DNPC constitute the “missing data” in ML studies in the field of EM. Although DNPC have been handled more rigorously since 2020, the strategies used are still not exhaustive, systematic or homogeneous. The imputation strategy appears to yield the best results, but requires more time and computational resources; however, given the heterogeneity of the studies reviewed, we cannot say whether one missing data strategy was clearly better than another. To increase the quality and comparability of these studies, we recommend filling out the TRIPOD checklist for each new publication, summarizing the ML process in an explicit methodological diagram, and always reporting the AUROC (even when it is not the primary outcome).

Method

Design

We extracted data and reported our results in accordance with the Critical Appraisal and Data Extraction for Systematic Reviews of Prediction Modelling Studies (CHARMS)21 and the Preferred Reporting Items for Systematic Reviews and Meta-Analysis (PRISMA)22 guidelines (see the checklist in Supplementary Table 3). With regard to missing data strategies, we extracted the models, predictors, and outcomes from each publication. The protocol was not registered before the beginning of the study.

Search strategy

In January 2022, we searched the PubMed database with the following Medical Subject Headings (MeSH): “(emergency medicine OR emergency service) AND (artificial intelligence OR machine learning)”.

Inclusion and exclusion criteria

We assessed all publications in English concerning the construction or application of a predictive model for structured data in an adult ED. Duplicate studies and reviews were excluded, as were studies published before 2000. We excluded studies whose predictive model was based solely on natural language processing, given that the missing data are not typically handled in the same way as for structured data. Studies based solely on additional examinations (such as imaging or bacteriologic tests) and that lacked the clinical context were also excluded. Lastly, non-clinical studies (i.e., based solely on societal variables) and publications for which the full text was not available were also excluded.

The study selection process

Two investigators (E.A. and D.A.G.) screened the PubMed search results on the basis of each publication title. Next, the two investigators read the abstracts and excluded ineligible studies. Lastly, the full-text versions of the remaining publications were read to determine whether the methodological details met the inclusion criteria.

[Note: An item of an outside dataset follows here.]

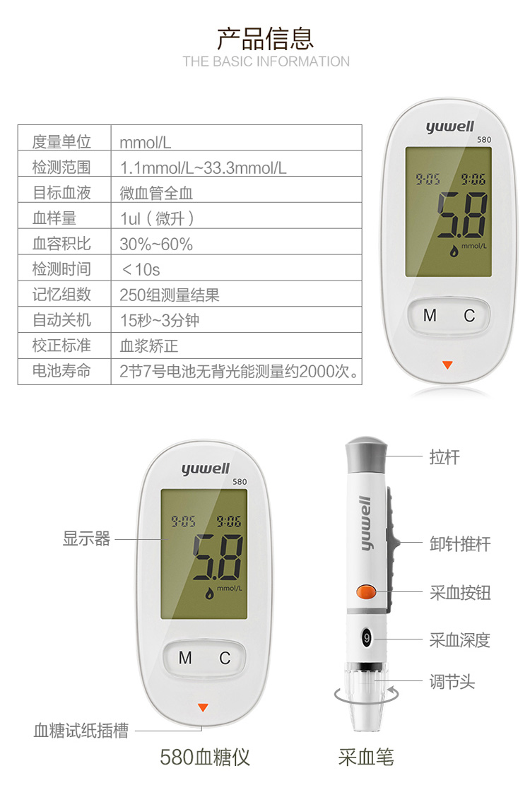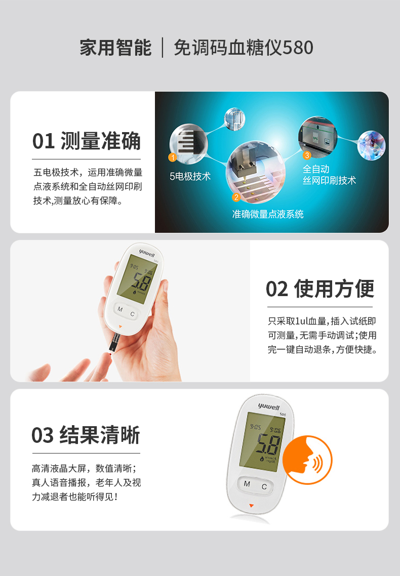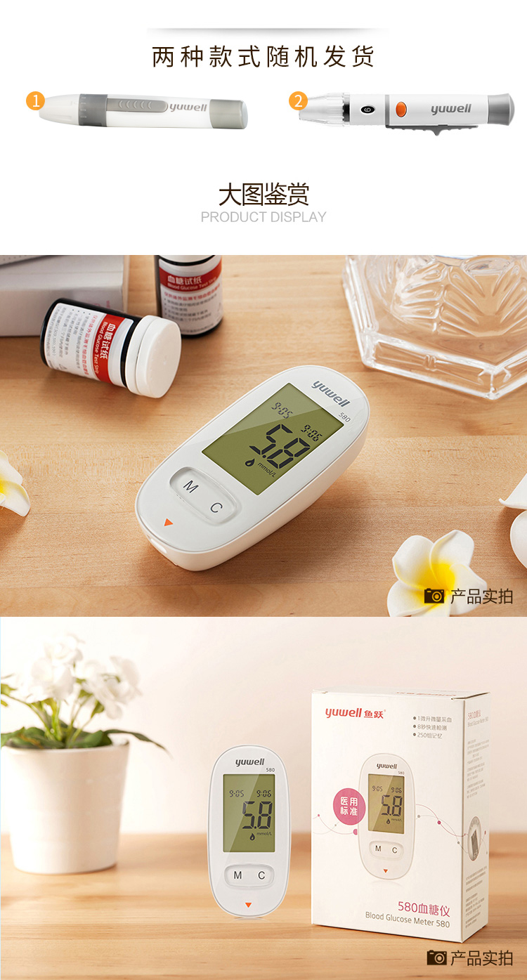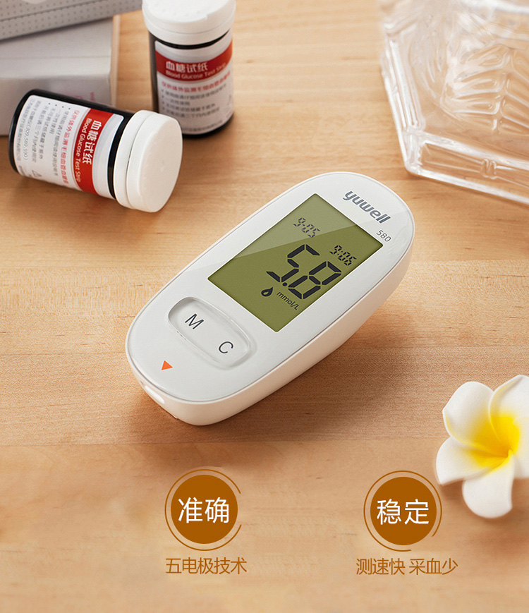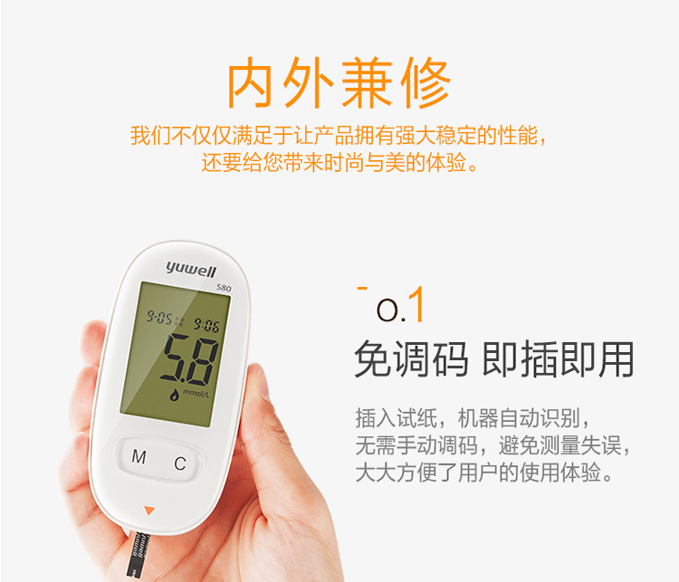 魚躍(YUWELL)血糖儀家用智能免調(diào)碼580血糖測試儀100支瓶裝試紙試條醫(yī)用級精準(zhǔn)血糖儀 注冊證號:蘇械注準(zhǔn)20162400064

The data collection process

Data in the included publications (publication references, the relevant CHARMS items, missing data strategies, the dataset split, and best AUROC value for training and validation stages) were entered on an Excel® (Microsoft Corp., Cupertino, USA) spreadsheet by one investigator (E.A.) and reviewed by another (D.A.G.). If the publication did not specify how missing data were handled, we considered that the strategy was “not specified”. If the publication did not specify how the dataset had been split into a training set and a test set, we considered they used the typical 80:20 ratio. Lastly, we considered that the use of an independent dataset was obligatory for a validation step. When the dataset used to calculate an algorithm’s performance was not independent, we considered that the algorithm had been tested but not validated.

The data analysis

We counted the missing data strategies applied in the reviewed publication in a first matrix table. Since multiple strategies could be applied in a publication, a publication can be counted twice. We considered the mean of the AUROC to describe the performance of the publication when a unique strategy was applied. We described the missing data in a second table by counting for each variable the number of publications, patients, and missing data. We reported the publication using the Prediction model Risk Of Bias ASsessment Tool (PROBAST)23.